16      Second, Opelt fails to persuasively distinguish the facts of this case from those in Reitter and Rydeski.  As these cases explain, the question is whether Opelt’s statements and conduct ever amounted to a refusal, even if he made some statements at various times that, considered in isolation, would suggest an intent to submit.  See Reitter, 227 Wis. 2d at 234-37; Rydeski, 214 Wis. 2d at 106-07.  I conclude that Opelt’s statements and conduct amounted to a refusal. 

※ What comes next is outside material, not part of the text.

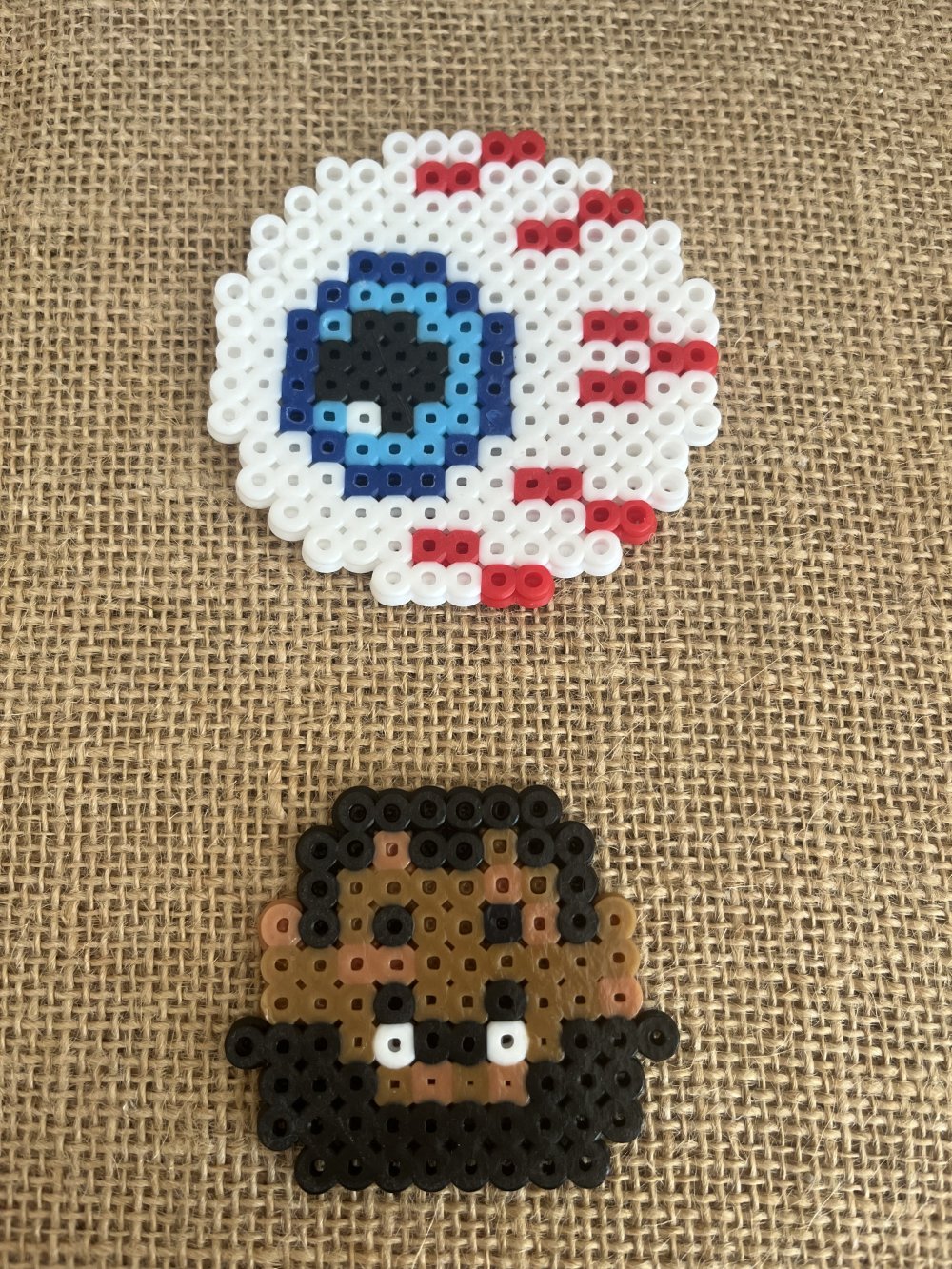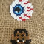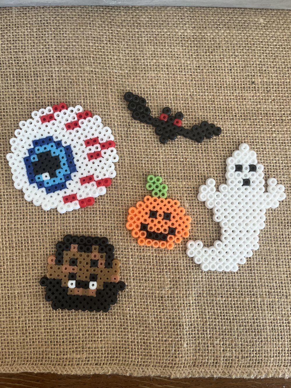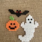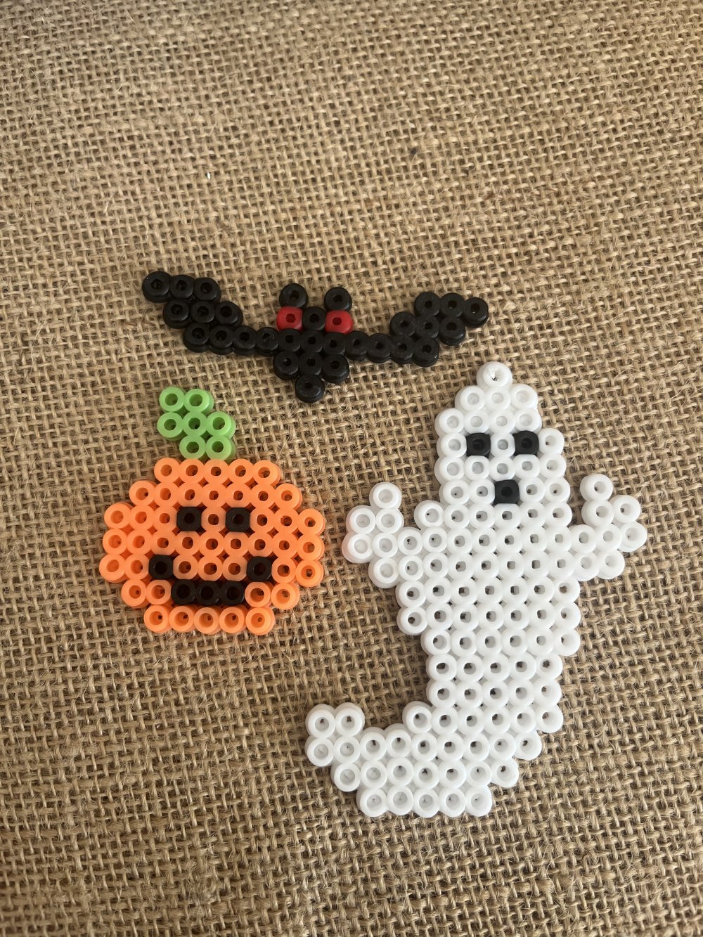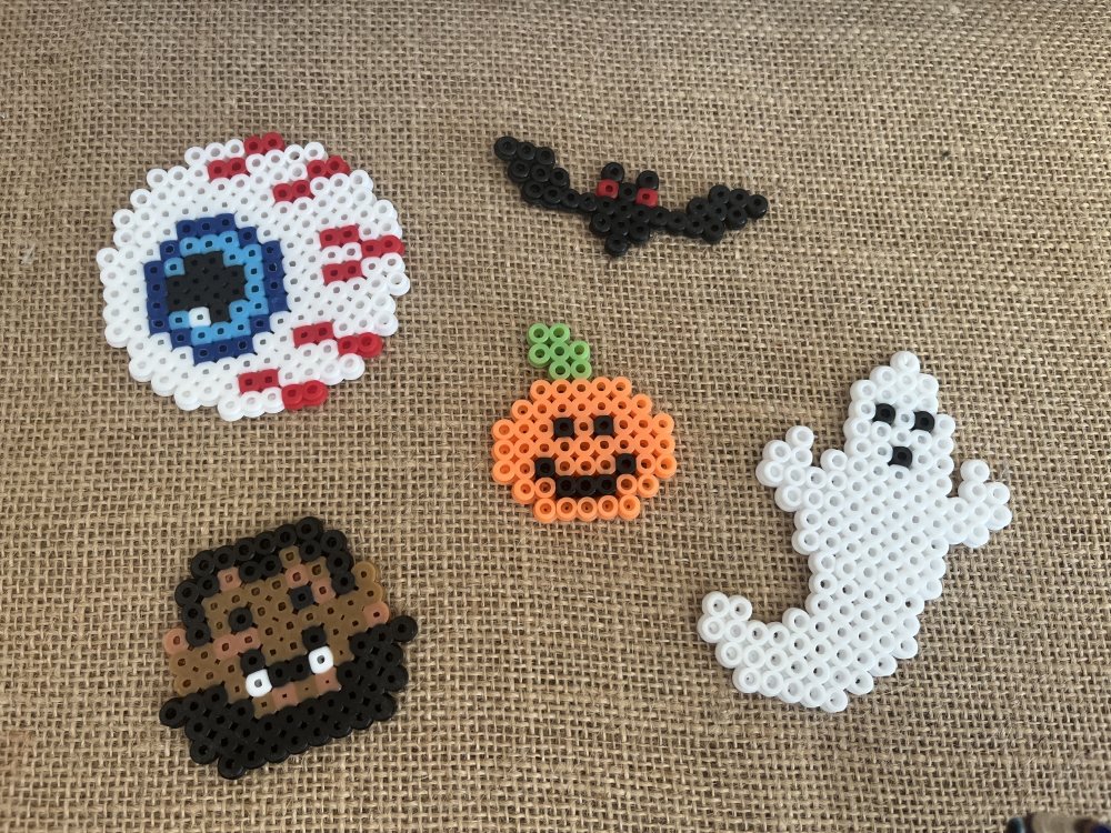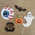 Pour effrayer tous les petits copains et copines, voici 5 suspensions réalisées en perles hama. Vous avez Dracula, un œil bien globuleux, 1 citrouille et 1 chauve-souris .

17      Opelt’s obligation under the implied consent law was to “promptly submit or refuse to submit” to the test.  See Rydeski, 214 Wis. 2d at 109.  The officer sought an unambiguous response from Opelt at least fourteen times.  Opelt repeatedly refused to clarify his responses so that the officer could register an unambiguous “yes” or “no” answer, and instead evaded the officer’s questions or answered with irrelevant statements.  As the circuit court aptly explained:

The defendant’s statements and actions constitute a refusal.  There is no other reasonable interpretation of the interaction between defendant and the officer.  Anything defendant said that could be remotely construed as a “yes” was immediately followed by a condition, limitation or outright denial/no answer.

As in Rydeski and Reitter, Opelt’s evasive conduct in refusing to provide an unambiguous answer, after being given plain and ample opportunities to do so, prevented the officer from administering the test and amounted to a refusal. 

18      In sum, Opelt refused constructively, if not actually, under circuit court findings that are not clearly erroneous. 

            By the Court.—Judgment affirmed.

            This opinion will not be published.  See Wis. Stat. Rule 809.23(1)(b)4. 

 

 


 



[1]  This appeal is decided by one judge pursuant to Wis. Stat. § 752.31(2)(c) (2011-12).  All references to the Wisconsin Statutes are to the 2011-12 version unless otherwise noted.  

[2]  While I base my decision on the proposition that the officer made “at least 14” requests that Opelt submit to the test, following the circuit court’s finding, I simply observe that the transcript appears to reflect twenty requests.